Sur les autres demandes
La société Ravet et la SMABTP, succombant, seront condamnées in solidum aux dépens.
Au vu des circonstances de la cause et des situations respectives des parties, il n'est pas inéquitable de laisser à la charge des sociétés Apave et Axa les frais qu'elles ont exposés au titre de l’article 700 du code de procédure civile. Elles seront par conséquent déboutées de la demande qu'elles forment à ce titre.
L'exécution provisoire est, en vertu des articles 514-1 à 514-6 du code de procédure civile issus du décret 2019-1333 du 11 décembre 2019, de droit pour les instances introduites comme en l'espèce à compter du 1er janvier 2020.
Les défenderesses sollicitent que soit écartée ou aménagée l’exécution provisoire uniquement en cas de condamnation prononcée à leur encontre.
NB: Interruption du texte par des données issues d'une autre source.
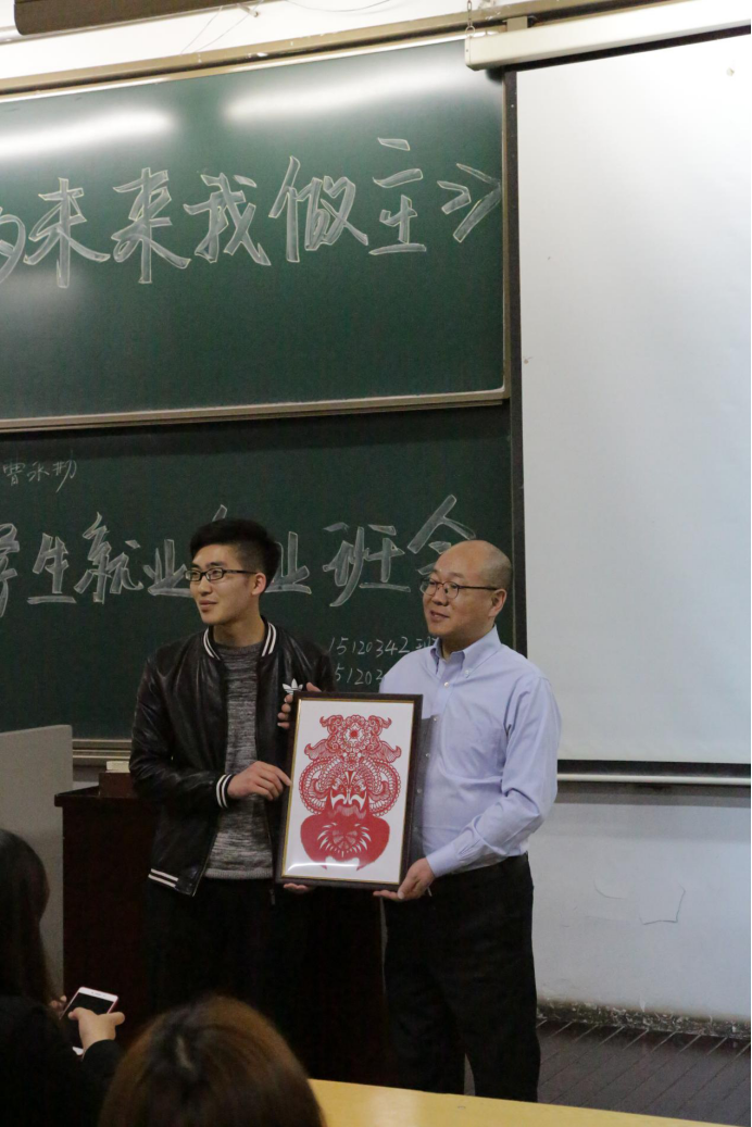本次班会特别邀请到山西国利天能科技有限公司曹永勤总经理为大家畅谈最为关注的就业创业问题。首先,曹总经理为大家概述了自己从上大学到创业的经历,由此提出了作为学生的主要任务是学习,只有学好专业技能才能将来在社会上立足,除了安排好学习,还应该多参加一些社团活动来开拓视野,做一些有意义的事情为将来步入社会做好铺垫。随后他又根据自身对社交关系的利用提醒同学们,在平常的学习工作中,要广交朋友,扩大自己的社交圈子,丰富自己的社会阅历,提高自身的工作能力和社交能力为将来就业创业打好基础。接着曹先生又在生活情感方面给大家提出了一些中肯的建议。最后,同学们向他提出了一系列关于就业创业与学习方面的问题,曹先生都给予了很好的建议和意见。曹先生诚恳的话语赢得了同学们一阵又一阵热烈的掌声。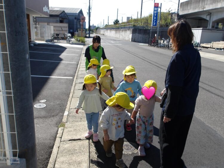 みんなで手をつないで歩くことにも慣れてきて、お散歩が大好きなうさぎ組さんです🐰

Au regard du sens de la présente décision, il n’y a pas lieu de faire droit à leur demande.
PAR CES MOTIFS
Le tribunal, statuant publiquement par jugement contradictoire, en premier ressort et par mise à disposition au greffe,
Déboute la SAS Ravet et la société d’assurance mutuelle Société mutuelle d'assurance du bâtiment et des travaux publics de l’ensemble de leurs demandes à l’encontre de la SAS Apave et de la SA Axa France IARD,
Condamne in solidum la SAS Ravet et la société d’assurance mutuelle Société mutuelle d'assurance du bâtiment et des travaux publics aux dépens,
Dit n'y avoir lieu à application de l'article 700 du code de procédure civile,
Rejette toute autre demande plus ample ou contraire des parties,
Dit n’y avoir lieu à écarter l’exécution provisoire de droit de la présente décision.
Fait et jugé à Paris le 02 Juillet 2024.